[//]:# (!pinmapple -38.412946 lat 144.183906 long An Amazing Adventure At The Great Ocean Road d3scr)
The 243-kilometer Great Ocean Road in Victoria can be considered as one of Australia's most iconic attractions and a renowned tourist attraction near Melbourne. This trip from Melbourne takes in the stunning landscape of beaches, coasts and amazing limestone formations as well as stopovers at quaint little towns.
My wife and I took this tour on the last day of our trip to Melbourne. Our flight to Kuala Lumpur was around midnight and so it was a bit of a risk. We checked out at the crack of dawn and left our luggage at the hotel, taking with us only what we need for the day.
Our first stop was at the town of Anglesea, where the bus driver made us tea at the park. The complimentary tea was served with some biscuits.
The Great Ocean Road was developed as a living memorial to those who fought in World War I. (1914-18). It was completed in 1932 and opened up the coastal areas to tourists and development. The Memorial Arch now stands to pay tribute to the contributions and sacrifices of these soldiers.
We had a short stopover at the Eastern View of the Memorial Arch where we walked to a small beautiful beach.
Lunch was at the beachside town of Appollo Bay where Roselind and I feasted on fish and chips.
The highlight of our trip was our helicopter ride over The Twelve Apostles, offering us spectacular views of the limestone formation and the scenic coast.

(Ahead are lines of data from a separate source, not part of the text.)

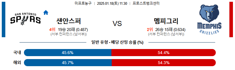 샌안토니오 대 멤피스 NBA 01월18일 맞대결 생중계, 스포츠중계, 스포츠분석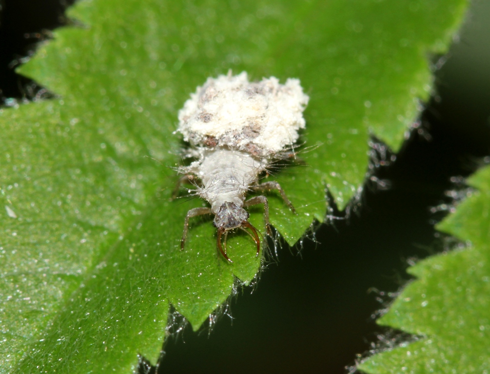 На снимке личнинка златоглазки, прикрытая высохшими шкурками съеденных ею тлей. Таким образом она и маскируется, и не перегревается.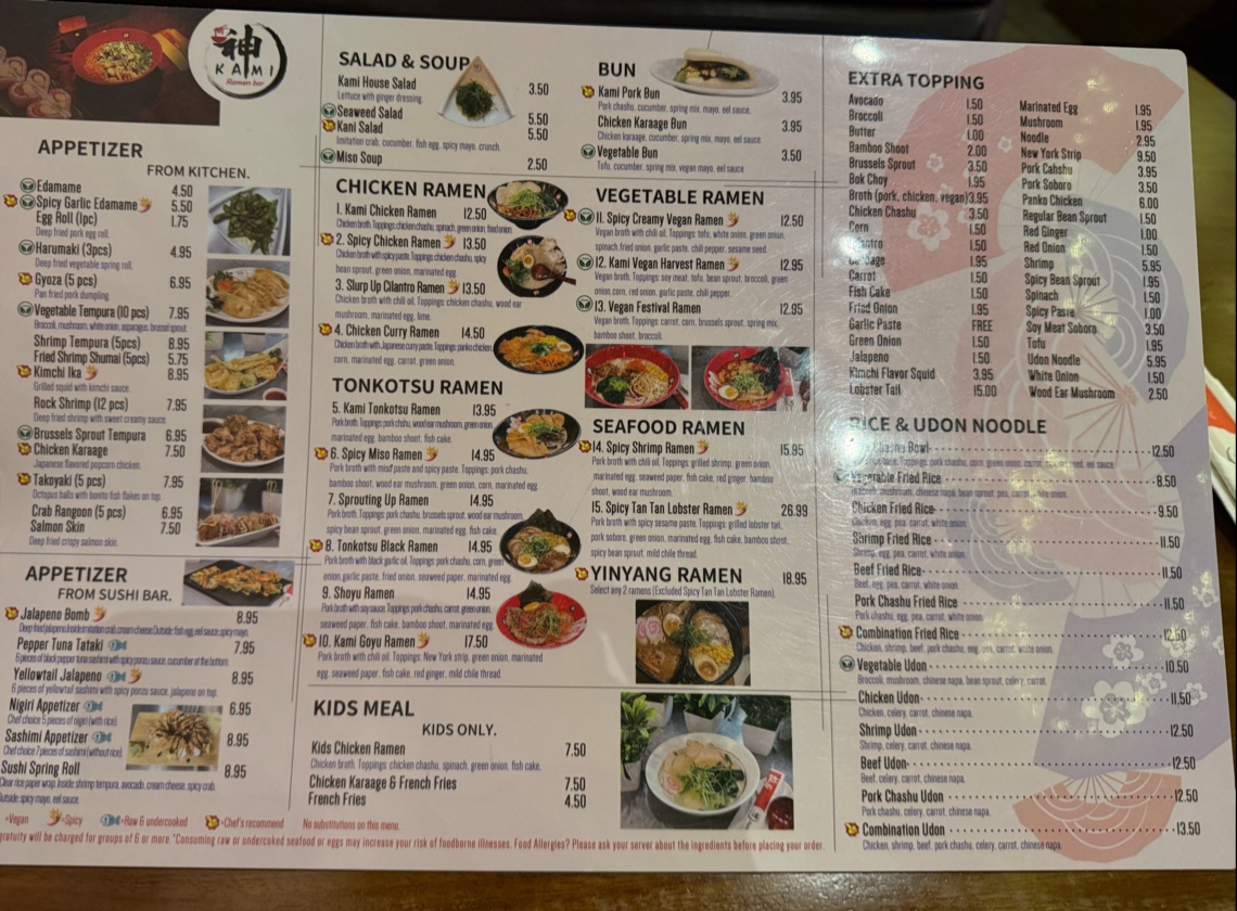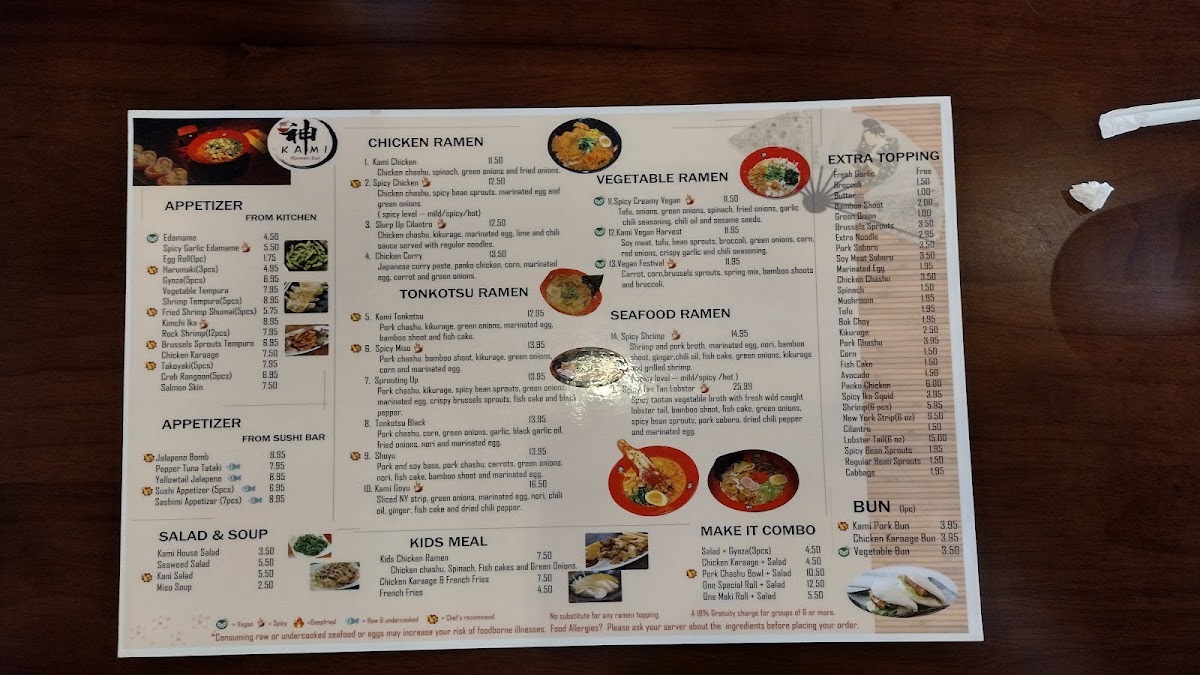 Complete your experience with desserts like mochi and tiramisu, or sip on refreshing Thai tea. Overall, Kami Ramen & Sushi presents an inviting atmosphere, excellent service, and an exceptional menu that guarantees a memorable dining experience.
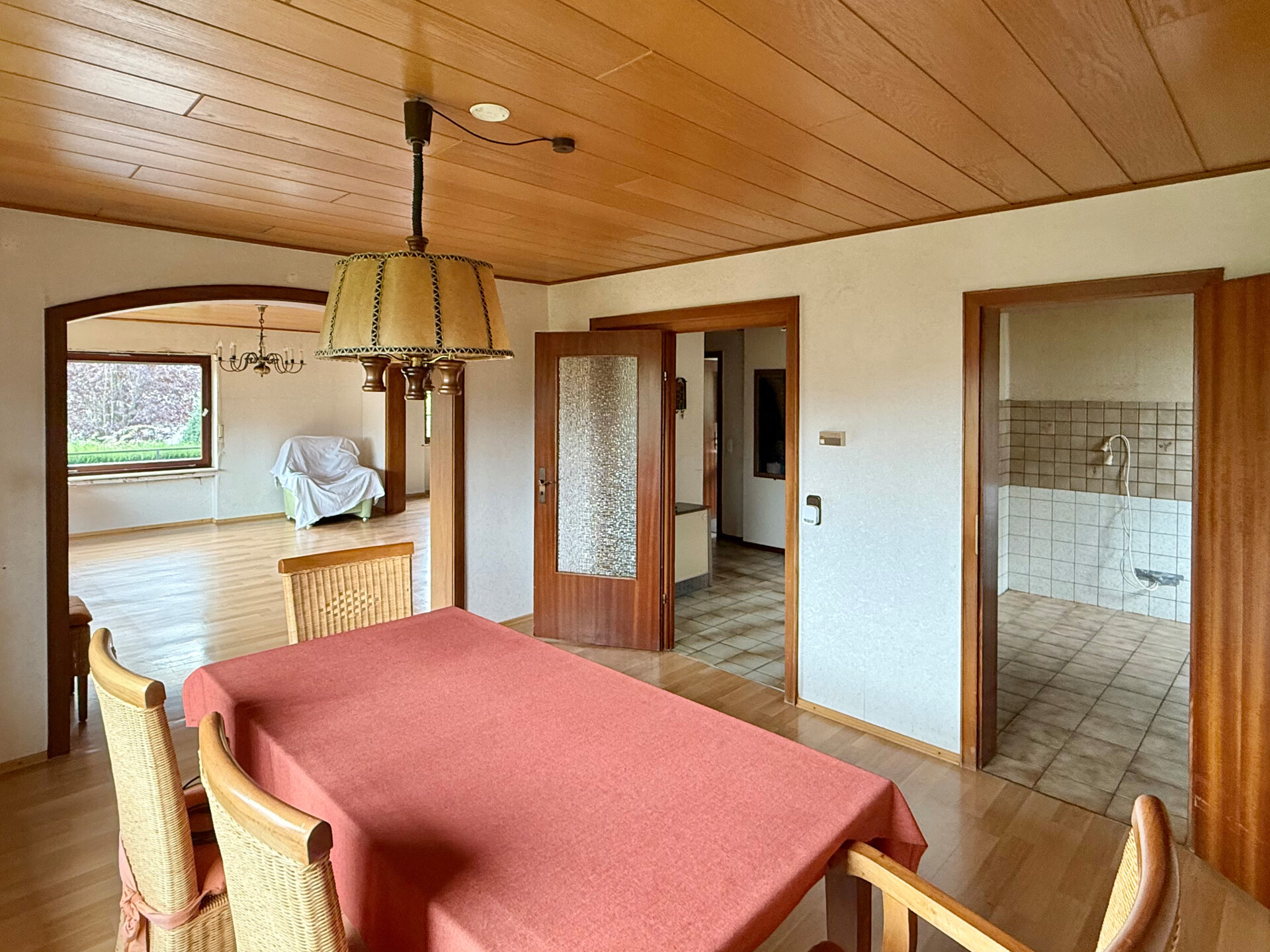 Das um 1970 erbaute Objekt überzeugt durch eine Wohnfläche von rund 155 m², verteilt auf zwei Ebenen und bietet zahlreiche Gestaltungsmöglichkeiten. Auf dem ca. 593 m² großen Grundstück finden Sie zwei Einzelgaragen und einen gepflegten Gartenbereich vor – die große Thuja im hinteren Bereich wurde inzwischen entfernt. Die Immobilie lässt sich ideal als klassisches Einfamilienhaus nutzen: Im oberen Bereich befinden sich die Hauptaufenthaltsräume wie Wohn-, Ess- und Küchenbereich. Hervorzuheben ist hier das bereits modernisierte Badezimmer mit bodentiefer, offener Dusche und altersgerechter Ausstattung. Die untere Etage bietet ausreichend Platz für Schlafzimmer und weitere Räume. Alternativ wäre das Haus mit entsprechenden Maßnahmen in zwei separate Einheiten aufteilbar. So könnten zwei eigenständige 2ZiKB Wohnungen entstehen – ideal für Mehrgenerationenwohnen, für heranwachsende Kinder oder auch zur Vermietung. So eignet sich das Haus sowohl für Familien, die viel Raum benötigen, als auch für Paare oder ältere Personen, die Wert auf eine altersgerechte Nutzung legen. Dank des vorhandenen Balkons sowie der überdachten Terrasse mit angrenzendem Wintergarten bietet die Immobilie außerdem schöne Rückzugsorte.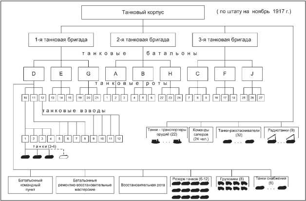 Схема организации британского Танкового корпуса на ноябрь 1917 г.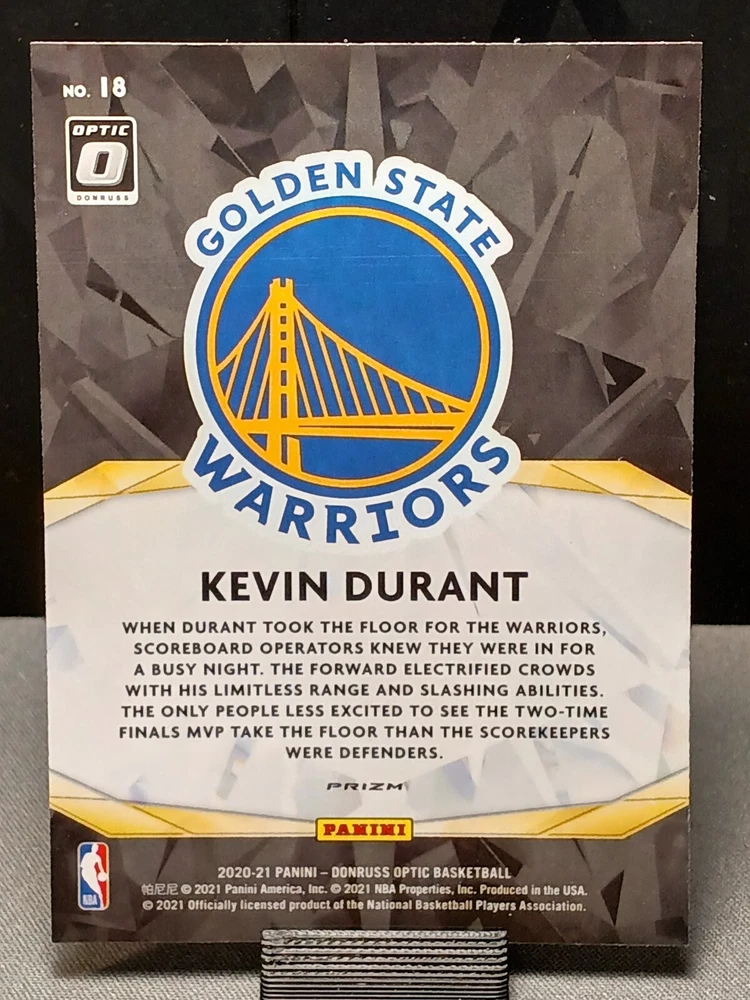 This 2020-21 Panini Donruss Optic sports trading card features Kevin Durant, player for the Golden State Warriors and Team USA, in a Winner Stays insert set. The card is made of 20 Pt. card stock, with a purple prizm parallel/variety, and has a hologram, short print, and insert feature. It is an original card, not a licensed reprint, and is part of the National Basketball Association (NBA) league. The card number is 18 and it was manufactured in the United States by Panini. This card is perfect for any basketball fan, especially those who follow Kevin Durant or the Golden State Warriors. It is a great addition to any sports trading card collection and would make a fantastic gift. Get this unique card today and add it to your collection!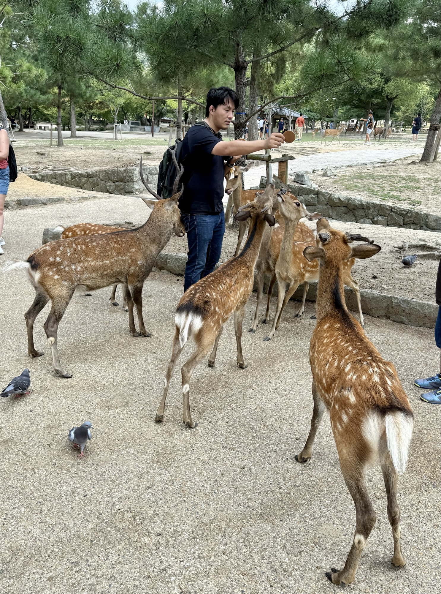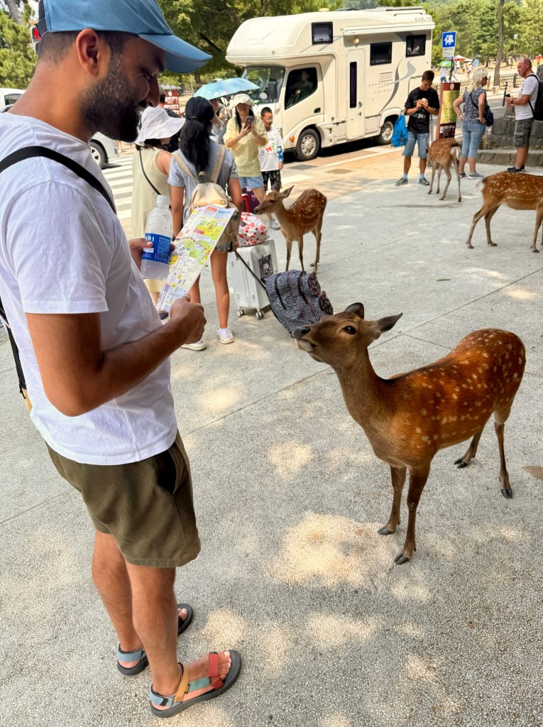 Our last full day in Osaka started with a short jaunt to nearby Nara, formerly the capital city of Japan during the eighth century and contemporarily most famous for both its giant statue of the Buddha located at one of its many temples and also its central park where scores of deer roam alongside visiting tourists. Visitors can fork over a small amount of yen to acquire a stack of crackers for feeding the eager ungulates, but the purchase comes with the unintended side effects of their riled appetites. The resident deer may be famous for their cute looks, but certainly not for their patience or manners, the lack of which manifests in pushy behavior and nibbled backpacks and fingers. We elected to forego the feeding frenzy and admire the spectacle from a comfortable distance.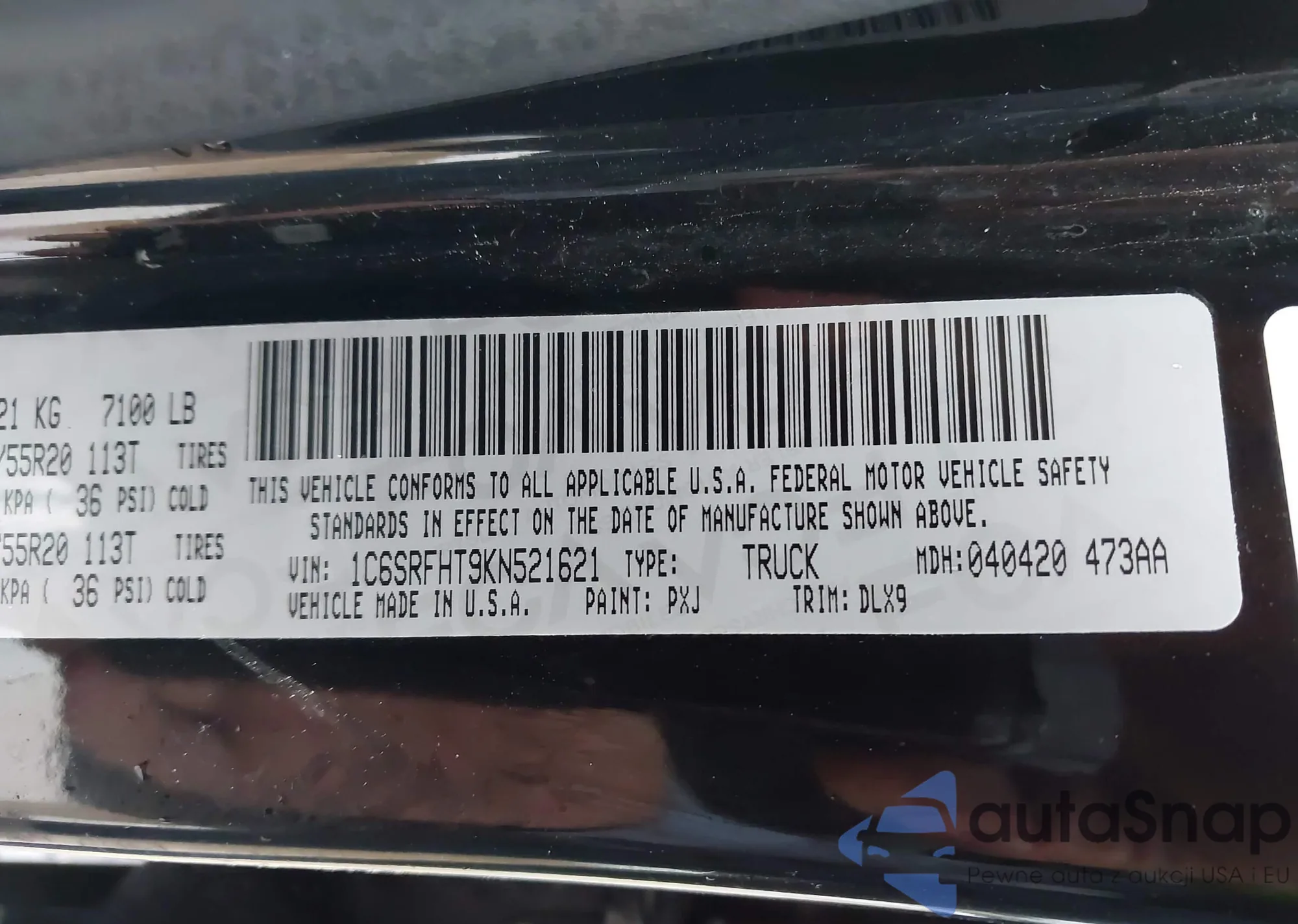 The car RAM 1500 2019 (VIN 1C6SRFHT9KN521621) has not been auctioned before. The documents are clean, and the mileage matches or is below the market average. Sold by an insurance company – we recommend purchase. Delivery to the port will take approx. 6–8 weeks.
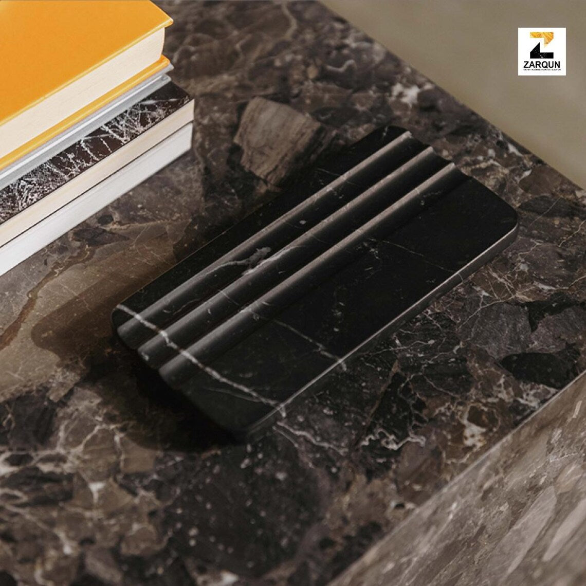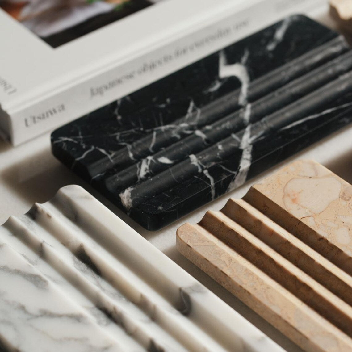 Cada pieza es única, tallada en auténtico mármol que exhibe vetas naturales y texturas orgánicas, convirtiendo un objeto cotidiano en una declaración de estilo minimalista.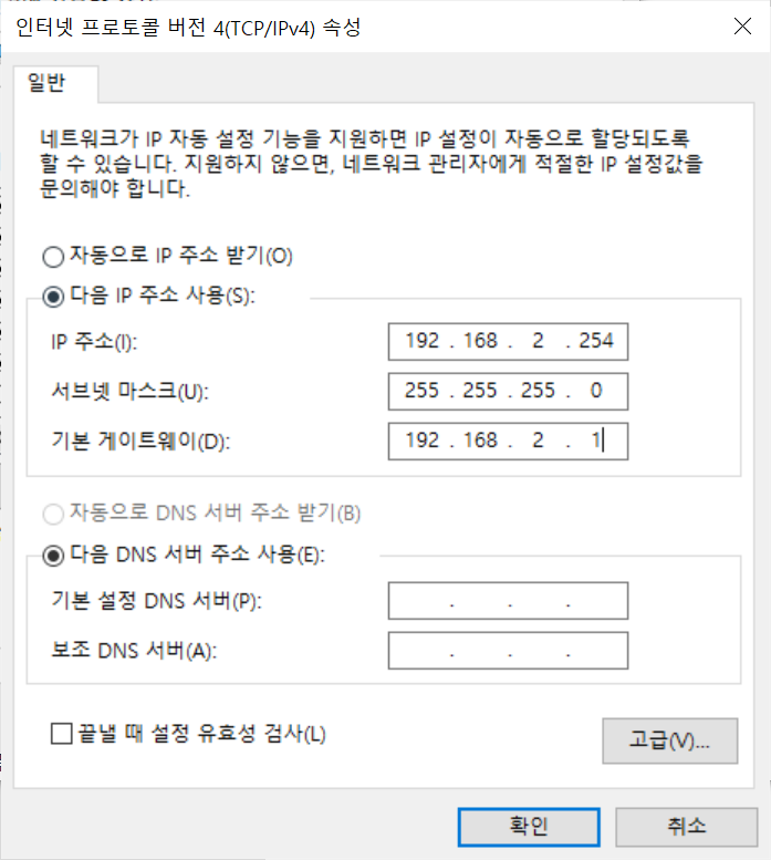 접속하시기 전에 네트워크 어댑터에서 IP주소를 변경해주셔야 합니다.

The Twelve Apostles are a group of limestone stacks off the coast of Port Campbell National Park. These limestone stacks were formed by the continual erosion of mainland limestone cliffs by the Southern Ocean's water and wind. The stacks are still at risk of further erosion due to waves. Presently only 8 of the Apostles are still left standing. The aerial view of the Twelve Apostles from the helicopter is indeed a sight to behold.
The scenery of the Twelve Apostles is equally stunning at the ground level.
Another of my favorite stop on the Great Ocean Road is Loch Ard Gorge, located within the Port Campbell National Park. In fact, it's only three minutes from the world-famous Twelve Apostles formation. The name of this gorge was derived from a big clipper ship, the Lorch Ard which was shipwrecked on the adjacent Muttonbird Island way back in 1878. A smooth, pearlescent bay and a clear, blue inlet can be found in the gorgeous gorge. Two yellow-washed cliff sides and sprigs of vivid flora flank it.
The last stop of our tour was the seaside town of Port Campbell. The town has the feel of a safe sanctuary on the edge of nature, surrounded by cliffs and Norfolk pines.
It has been a wonderful and enjoyable day trip. Even as I bid farewell to the Great Ocean Road, my mind was already planning another trip here but this time with an overnight stay at Port Campbell. As a side note, Roselind and I managed to catch our flight back to Kuala Lumpur that night.